AI Usage and Security
Secure AI adoption in enterprise environments — data protection, governance, and best practices
Data Protection and Data Governance
A central question in enterprise AI adoption is what data is sent to language models and how it is processed. Cloud-based LLM services may store inputs for training purposes unless contractually agreed otherwise. Organizations must define clear policies on what types of data may be fed to AI tools — covering source code, customer information, and trade secrets. Softagram helps create practices that enable AI productivity benefits without compromising security.
Prompt Injection and Model Governance
Prompt injection attacks represent a new threat vector where malicious input directs a language model to act against the developer's or user's intent. In an enterprise context, this can mean leaking sensitive information or triggering uncontrolled actions in agent-based systems. A model governance framework defines which models are approved, how their versions are tracked, and what safety boundaries are set for usage. These practices are essential as AI becomes part of business-critical processes.

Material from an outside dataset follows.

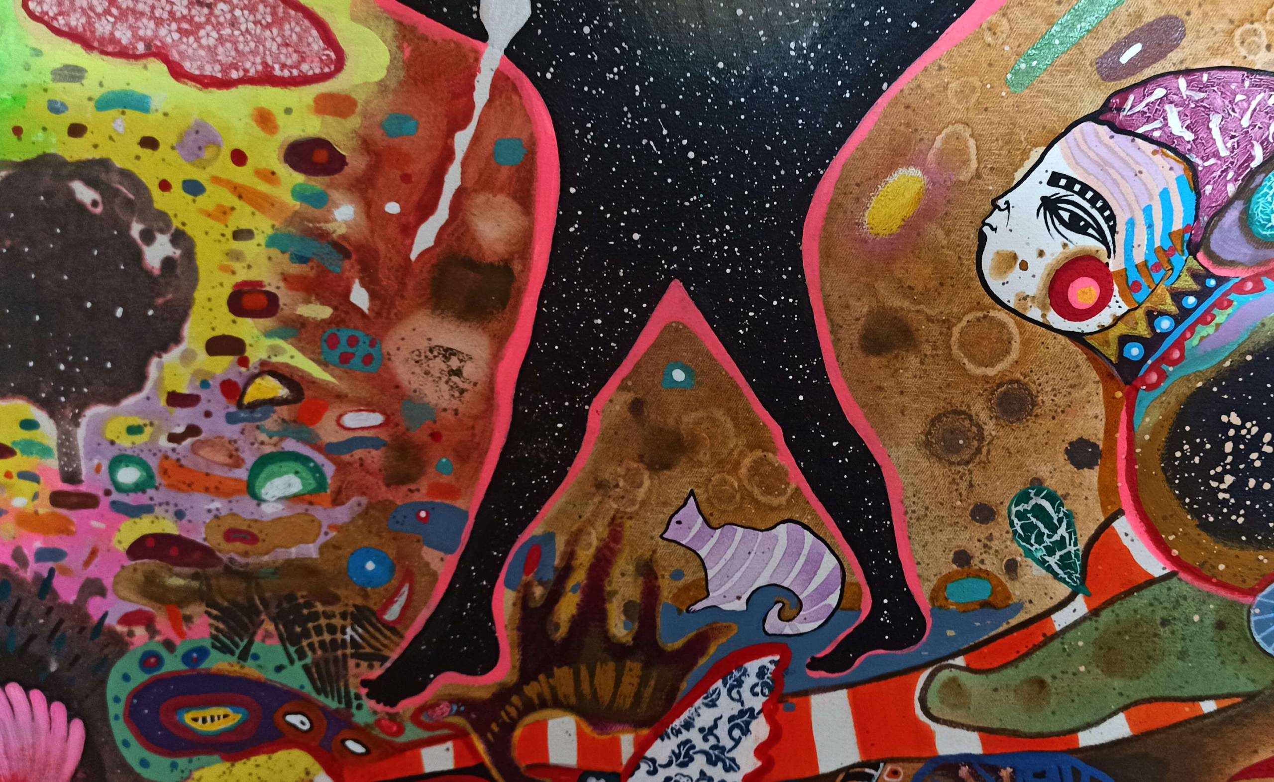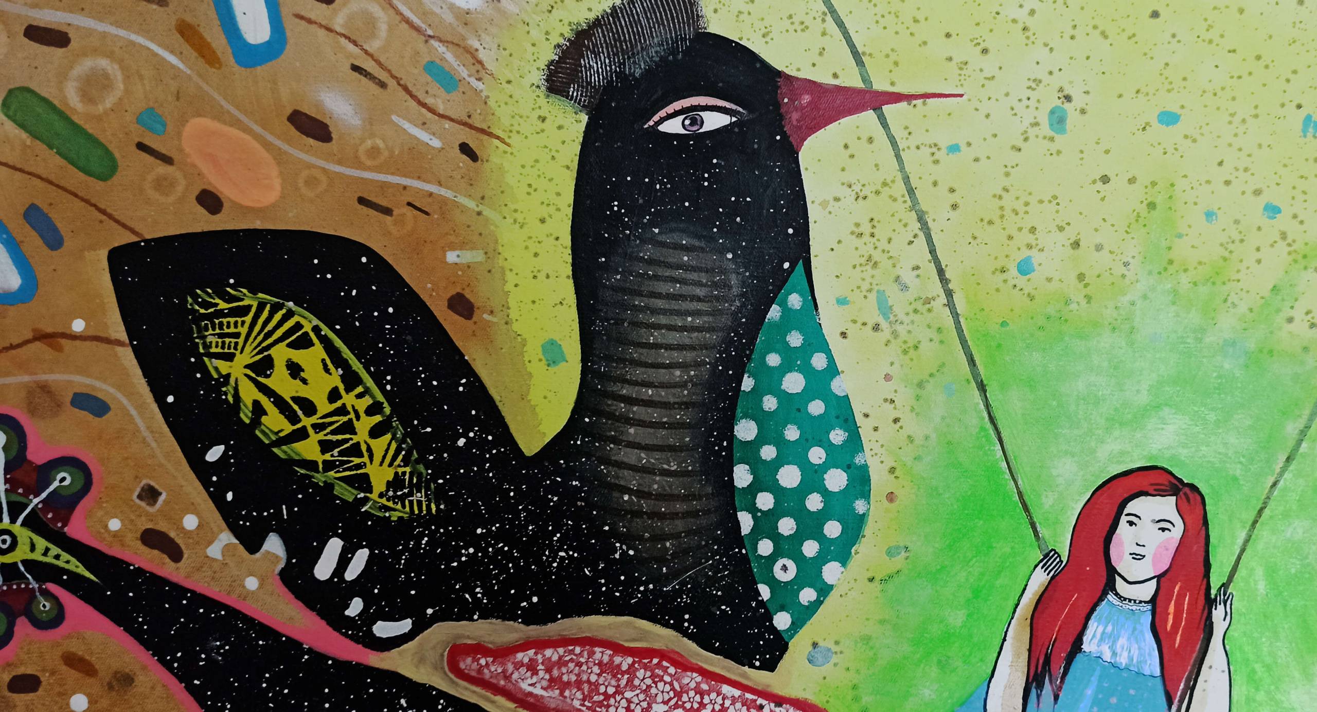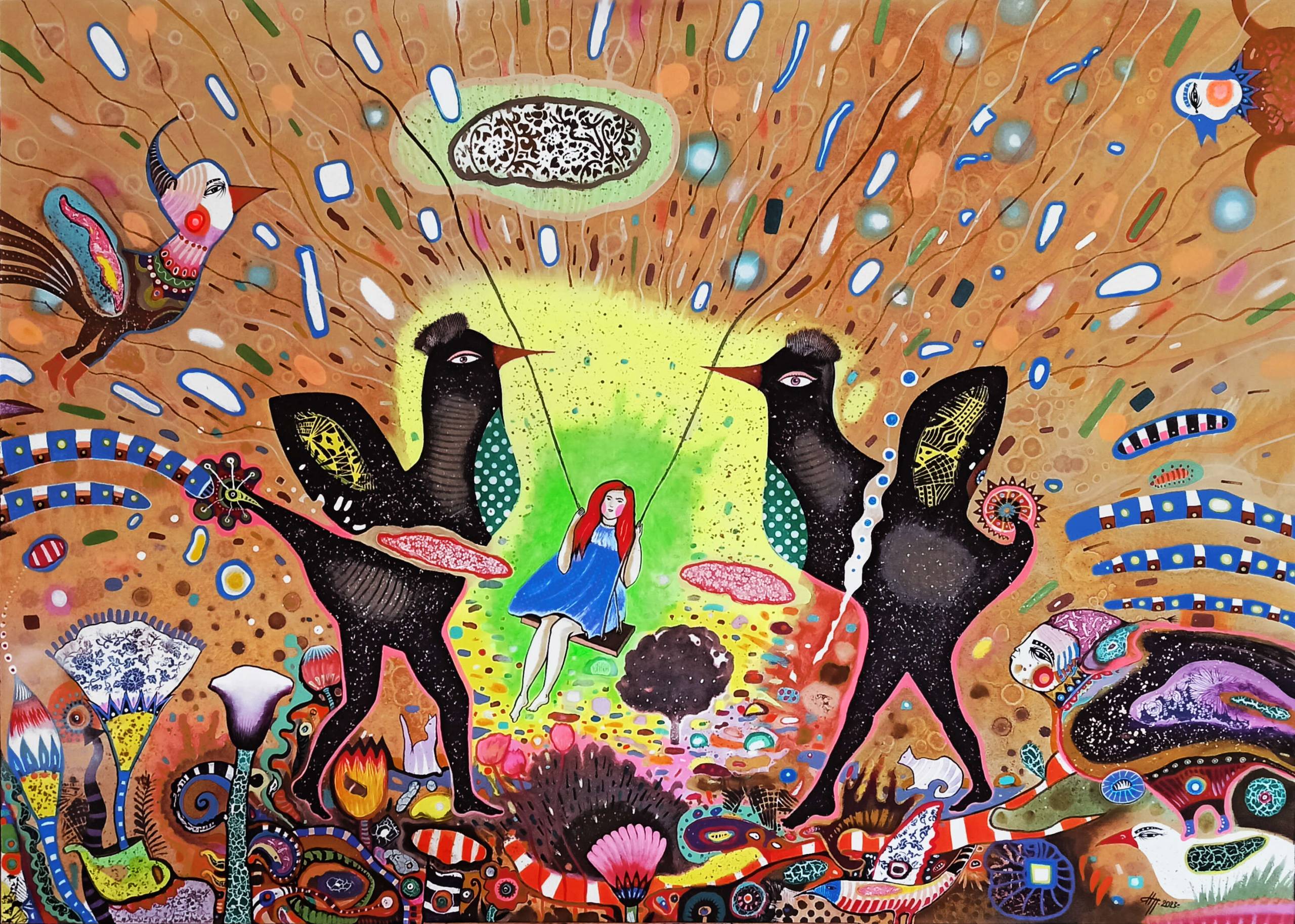 Duży format XL. Obraz na płótnie drobnoziarnistym naciągnięty na blejtram. Magiczny świat autorki, który znajduje się gdzieś pomiędzy snem, marzeniem i radosnym i ciepłym wspomnieniem o dzieciństwie. Oryginalna technika autorska: akryl, tusz, lakiery. Całość zawerniksowana lakierem w połysku, boki są pomalowane na czarno - praca nie wymaga ramy i jest gotowa do powieszenia.

GDPR and the Regulatory Landscape
The EU's General Data Protection Regulation and the upcoming AI Act set concrete requirements for enterprise AI use. Processing personal data through language models requires a legal basis, and high-risk applications must pass conformity assessments. At Softagram, we closely monitor regulatory developments and help our clients build AI practices that meet both current and future requirements. In practice, this means documented processes, risk assessments, and regular auditing.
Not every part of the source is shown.